L'intendant toussota et se frotta les mains avec embarras.

– Il y a encore une clause, monsieur le marquis, que Mme Morens, ici présente, m'a prié de porter au contrat. La voici : les conditions financières ne seront exécutées que s'il y a consommation du mariage.

Philippe parut mettre quelques instants à comprendre, puis son visage s'empourpra.

– Oh ! vraiment ! dit-il, oh ! vraiment !...

Il semblait tellement à court de vocabulaire qu'Angélique éprouva pour lui ce bizarre sentiment de pitié et d'attendrissement qu'il lui inspirait parfois.

– C'est un comble ! exhala-t-il enfin. L'impudeur jointe à l'impudence !

Maintenant, il était blanc de rage.

– Et pouvez-vous me dire, Molines, comment je devrais prouver au monde que j'ai honoré la couche de cette personne ? En détériorant la virginité d'une p... qui a déjà deux enfants et qui a traîné dans tous les lits des mousquetaires et des financiers du royaume ?... En me présentant devant un tribunal comme cet idiot de Langey qui devait s'efforcer devant dix personnes de prouver sa virilité4 ? Mme Morens a-t-elle prévenu les témoins qui devront assister à cette cérémonie ? Molines eut un geste d'apaisement des deux mains.

– Je ne vois pas, monsieur le marquis, pourquoi cette clause vous met dans un tel état. Elle est, en réalité, aussi... puis-je me permettre de dire ? aussi intéressante pour vous que pour votre future épouse. Songez que si, dans un mouvement d'humeur ou de rancœur bien compréhensible, vous négligiez vos devoirs conjugaux, Mme Morens serait en droit, d'ici quelques mois, de réclamer l'annulation du mariage et de vous entraîner dans un procès ridicule et coûteux. J'appartiens à la religion réformée, mais je crois savoir que la non-consommation du mariage est une des clauses d'annulation reconnues par l'Église. N'est-ce pas, monsieur l'aumônier ?

– Exactement, monsieur Molines, le mariage chrétien et catholique n'a qu'un but : la procréation.
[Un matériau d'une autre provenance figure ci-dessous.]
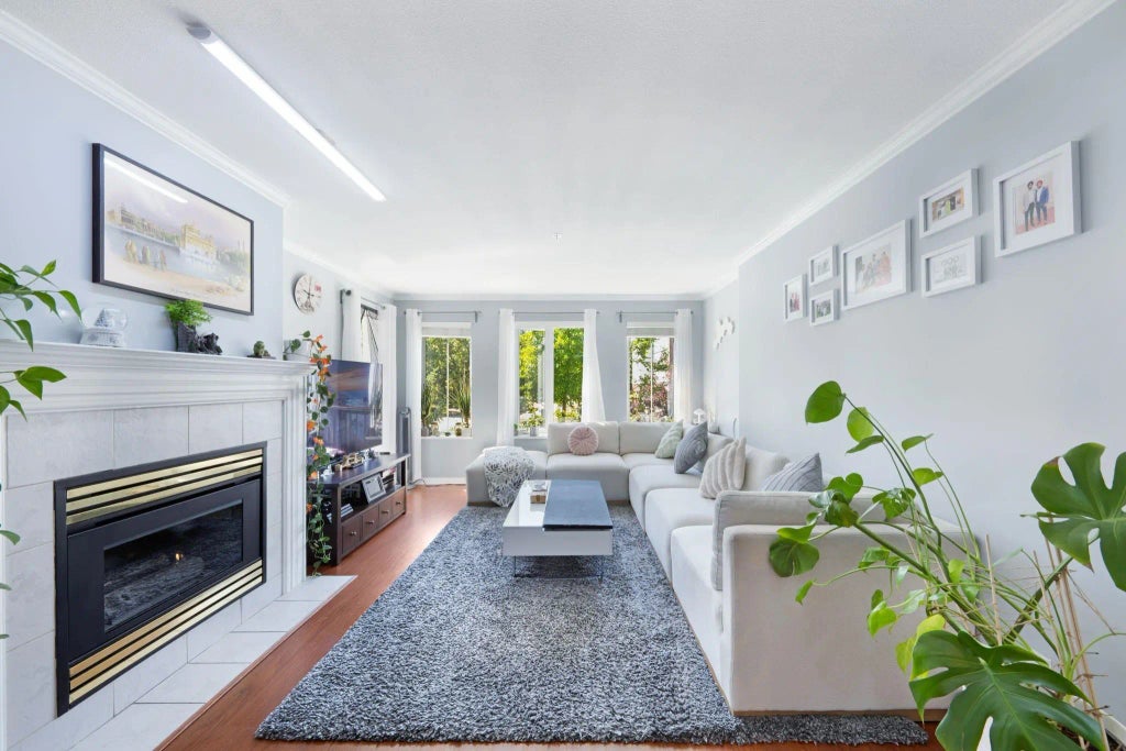 All measurements are approximate done by Realty shot, Buyer or Buyer's agent to verify. Welcome to this well-kept 2-bedroom, 2-bathroom condo located in the heart of Strawberry hill Offering 1,000+ sqft of bright and functional living space, this home features a cozy gas fireplace, radiant hot water heating, and in-suite laundry. The kitchen is equipped with all major appliances, including a dishwasher, microwave, refrigerator, and stove. Enjoy the comfort of one secure underground parking space and a storage locker. The building offers great amenities such as a clubhouse and storage facilities. Conveniently situated near Strawberry Hill Shopping Centre, Walmart, Cineplex, restaurants, schools, parks, and transit, this property is ideal for first time home buyers!!!

– Et voilà ! dit doucement l'intendant dont seule Angélique, qui le connaissait bien, pouvait déceler l'ironie. Quant à la preuve de votre bonne volonté, continua-t-il d'un air patelin, il me semble que la meilleure est que votre épouse vous donne rapidement un héritier.

Philippe se tourna vers Angélique qui, durant cette conversation, essayait de demeurer impassible. Cependant, quand il la regarda, elle ne put s'empêcher de lever les yeux vers lui. L'expression dure de ce beau visage lui causa un frisson involontaire et qui n'était pas de plaisir.
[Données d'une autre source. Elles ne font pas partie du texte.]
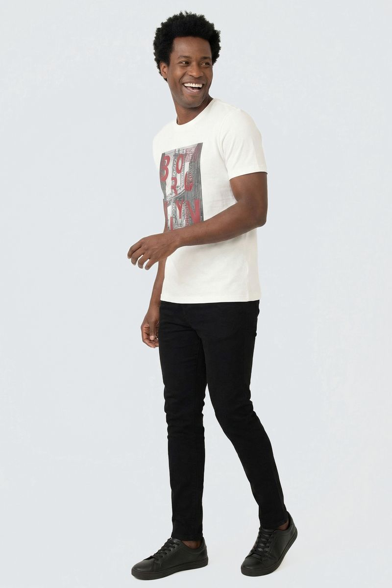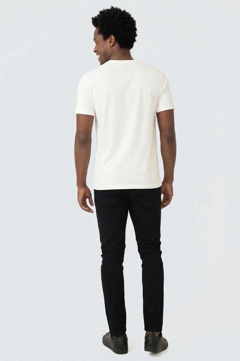 Combine sua camiseta off white com jeans para um look casual clássico, ou com bermudas para um visual mais despojado. Para um toque extra de estilo, adicione uma jaqueta jeans ou de sarja e finalize com tênis brancos ou sapatênis. É a base perfeita para criar looks autênticos e cheios de personalidade.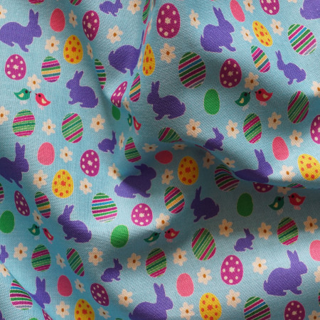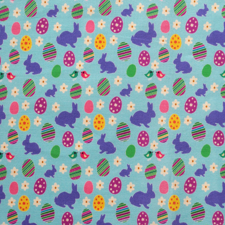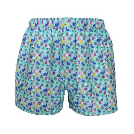 The boxer shorts feature small purple/blue bunnies on a light blue background with flowers, multi-coloured eggs and little birds.

– Eh bien, c'est entendu, dit lentement Philippe tandis qu'un sourire cruel étirait ses lèvres. On s'y emploiera, Molines, on s'y emploiera...

Chapitre 20

– Vous m'avez fait jouer un rôle plus odieux que je ne pensais, dit Angélique à Molines.

– Quand on a choisi un rôle odieux, Madame, il ne faut pas être à une nuance près. Il importe seulement de bien étayer ses positions.

Forme noire légèrement voûtée, il la suivit et la raccompagna jusqu'à son carrosse. Avec sa calotte noire, le geste un peu cauteleux de ses mains sèches qu'il frottait volontiers l'une contre l'autre, il représentait une ombre surgie du passé.